Sa méthode : la phénoménologie hermén eutique
Durant le pèlerinage de l'islâm shî'ite, Henry Corbin nous met immédiatement en garde contre
certains cheminements dans cette quête de l'Orient :
i) Il serait inopérant de procéder du dehors à la critique des "chaînes de transmission" ; souvent
cette critique y perd ses droits. La seule méthode féconde est de procéder en phénoménologue :
prendre la totalité de ces traditions, vivantes depuis des siècles telles que la conscience shî'ite s'y
montre à elle-même son objet.
ii) Pas de meilleure voie pour systématiser le petit nombre de thèmes pris ici en considération afin
de dégager la philosophie prophétique, que de suivre ceux des auteurs shî'ites qui les ont eux-mêmes
commentés (15).
Henry Corbin a voulu nous exposer ce monde de l'islâm shî'ite peu connu par l'Occident, son
intention n'était pas de le vulgariser mais d'expliquer à la mesure de sa compréhension les doctrines
shî'ites telles qu'elles sont, en essayant de ne pas les dénaturer sous prétexte de les rendre plus
accessibles et plus acceptables.
La notion d'une phénoménologie pure a été développée, on le sait, par le philosophe allemand
Edmund Husserl (1859-1938). Il s'agit étymologiquement, d'analyser quelque chose qui se montre à
la conscience. Mais pour que quelque chose se montre, elle doit se montrer à quelqu'un. Un
phénomène n'est pas synonyme d'objet.
Pour atteindre à la réalité d'au-delà du phénomène et par le phénomène, remarquable est la mise en
place de l'épochè comme méthode vécue la "mise en parenthèse" de l'existence objective. [...]
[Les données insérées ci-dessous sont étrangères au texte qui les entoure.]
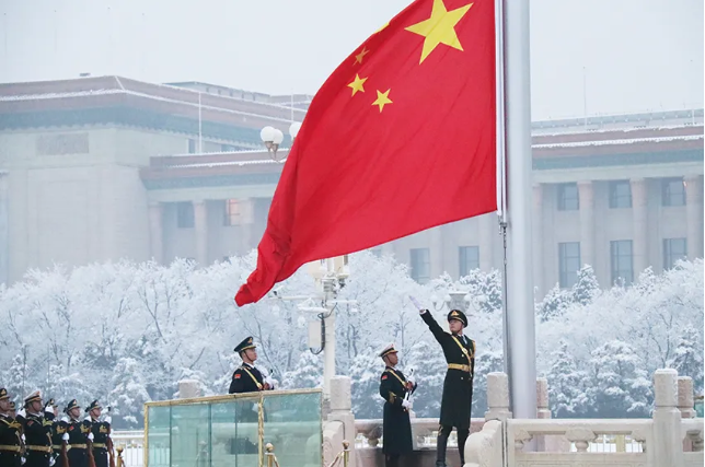國(guó)旗伴著雄壯的《義勇軍進(jìn)行曲》冉冉升起

Mais pour vécue qu'elle soit, la mise en parenthèse husserlienne reste un suspens d'ordre
conceptuel, à la poursuite de "la chose elle-même" qui toujours lui échappe. Car l'intentionnalité
retrouvée par Husserl ne se situe jamais qu'intra-mentalement, dans le rapport transcendantal [p.
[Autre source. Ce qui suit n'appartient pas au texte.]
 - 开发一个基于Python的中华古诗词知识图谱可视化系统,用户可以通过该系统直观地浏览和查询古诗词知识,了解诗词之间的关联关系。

85] (au sens kantien) du sujet à son acte, du noèse au noème. Si bien cette démarche
phénoménologique s'affirme comme une sorte d'aspiration inefficace à une mystique du Soi. [...]
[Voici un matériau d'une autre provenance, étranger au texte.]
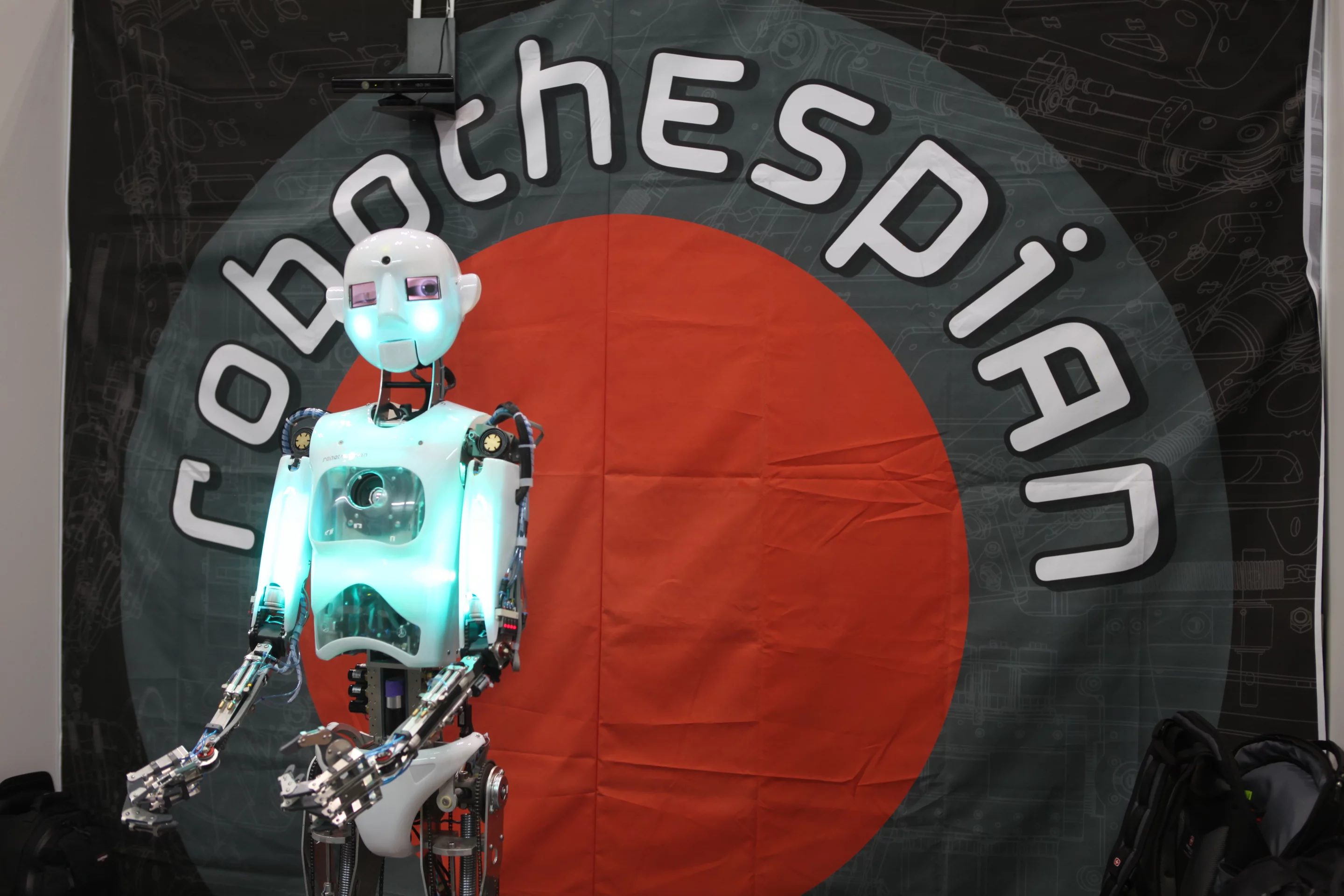 Robothespian is a web connected device and it can be controlled via an online interface. You can see what the robot sees, and you can tell it what to do or say from virtually anywhere in the world, which makes it a powerful telepresence tool. The robot can also handle interaction with humans independently, as it's capable of looking up answers to queries on the Web. It can also control theater lighting and multichannel sound. Most importantly, however, it can work day and night without a break and without compromising the quality of the performance.

La phénoménologie de Husserl ne rencontra point l'expérience mystique (16).
Henry Corbin croyait que Martin Heidegger (1889-1976) avait découvert la solution du problème
modifiant l'horizon philosophique, cela consistait à retrouver "en sa vérité originelle, le vieux mot
d'ontologie (17)." Au cours du déploiement de la question portant sur la vérité de l'Être, on arrive
à un dépassement de la métaphysique, signifiant : pensée de l'Être lui-même dans l'Être
(... Andenken an das Sein selbst) (18).
L'influence de Heidegger, qui était un élève de Husserl, était très décisive dans la pensée de Henry
Corbin, car Heidegger utilisait la phénoménologie comme méthode et la dépassa même ; il l'abolit
par le mystère du langage et de la poésie (19). Dans la philosophie de Heidegger, l'expérience
mystique de la Déité est possible. Pour lui, ce qu'on nomme Dieu est l'Étant (Seiende), la
manifestation de l'Être (Sein) (20). Le cheminement de sa pensée ne se termine pas à l'Étant,
mais il va en quête du mystère de l'Être, qui est absolu et inaccessible à la raison (21). Selon
Heidegger, "la phénoménologie veut trouver l'accès aux choses mêmes (zu der Sache selbst). Elle
n'y peut y parvenir qu'à travers l'expérience vécue d'une révélation, c'est-à-dire d'une élucidation
par le sujet de ce qu'il a vu (22)."
La méthode d'Henry Corbin était principalement fondée sur la comparaison philosophique et la
phénoménologie ; "tout n'est pas [p. 86] comparable avec tout" selon lui, il est donc nécessaire de
définir le champ de la recherche comparative en termes satisfaisants (23). Il est évident que cette
méthode est très exigeante, car il faut que le chercheur soit d'abord avant tout un philosophe, puis
il doit disposer d'un outillage linguistique lui permettant d'aborder les textes de première main (24).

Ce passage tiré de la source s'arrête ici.